I told why CC is incompatible with FBC. Why the continuing debate?

MIKE OSSIPOFF nkklrp at hotmail.com
Tue, 18 Oct 2005 02:22:17 +0000

I told why Condorcet's Criterion is incompatible with FBC. In case that posting wasn't noticed, I'm re-posting that demonstation here. I'm not saying that it wasn't already demonstrated by Kevin. But I've posted my demonstration too, and here is is again:

Say there are two voters whose preferences are B>A>everyone else.

Say that, with the configuration of all the other voters' votes (which may or may not be sincere), and sincere ballots by those two voters, there is a circular tie.

Since the method is anonymous and neutral, then, whatever method is used for solving circular ties, it's possible that someone other than A or B could win. Someone who is, for those two voters, worse than A. So let's say that that is so.
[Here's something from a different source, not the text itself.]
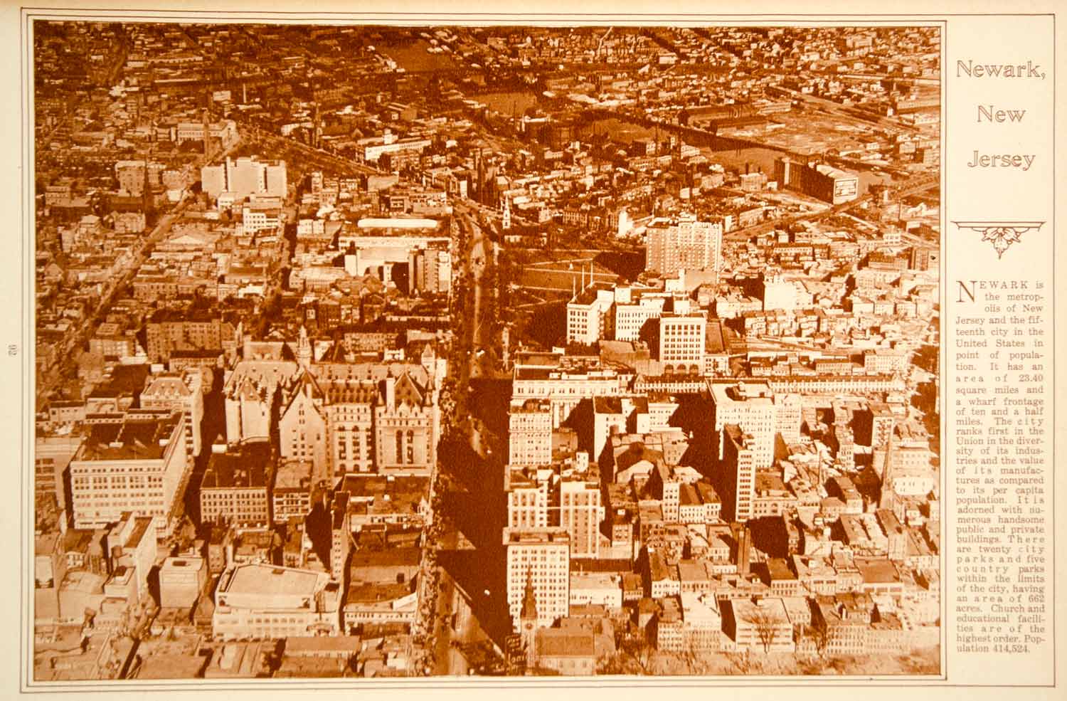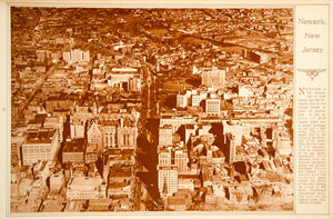 1923 Rotogravure Newark New Jersey Aerial Bird's Eye View Historic Cityscape

Say that, with that votes configuration for the other voters, and with sincere voting by those two voters, A beats everyone but B.
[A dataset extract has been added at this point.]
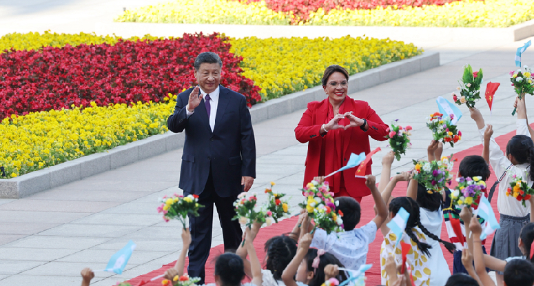 阿巴斯抵達(dá)時(shí),天安門廣場(chǎng)鳴放21響禮炮,禮兵列隊(duì)致敬。兩國(guó)元首登上檢閱臺(tái),軍樂團(tuán)奏中巴兩國(guó)國(guó)歌。阿巴斯在習(xí)近平陪同下檢閱中國(guó)人民解放軍儀仗隊(duì),并觀看分列式。

Say that results in a cycle in which the completion method in use, the circular tiebreaker, chooses someone other than A and B, someone whom those two voters like less than A.

But B doesn't beat A by very much. He only beats him by 3 votes.

The two voters, by changing their voting, could change that pairwise result. Let's say that that is the only pairwise result that is close enough that they could influence it.

If those two voters ranked A and B equal 1st place, B would only beat A by one vote.

Then, if they reversed their preferences between A and B, and voted A>B>everyone else, then they make A into BeatsAll winner. Because the method is a Condorcet Criterion method, A wins.

They've improved the results for themselves by voting someone over their favorite.

The method therefore fails FBC. And I didn't say exactly what the method is. All that was assumed was that the method is one that meets the Condorcet Criterion.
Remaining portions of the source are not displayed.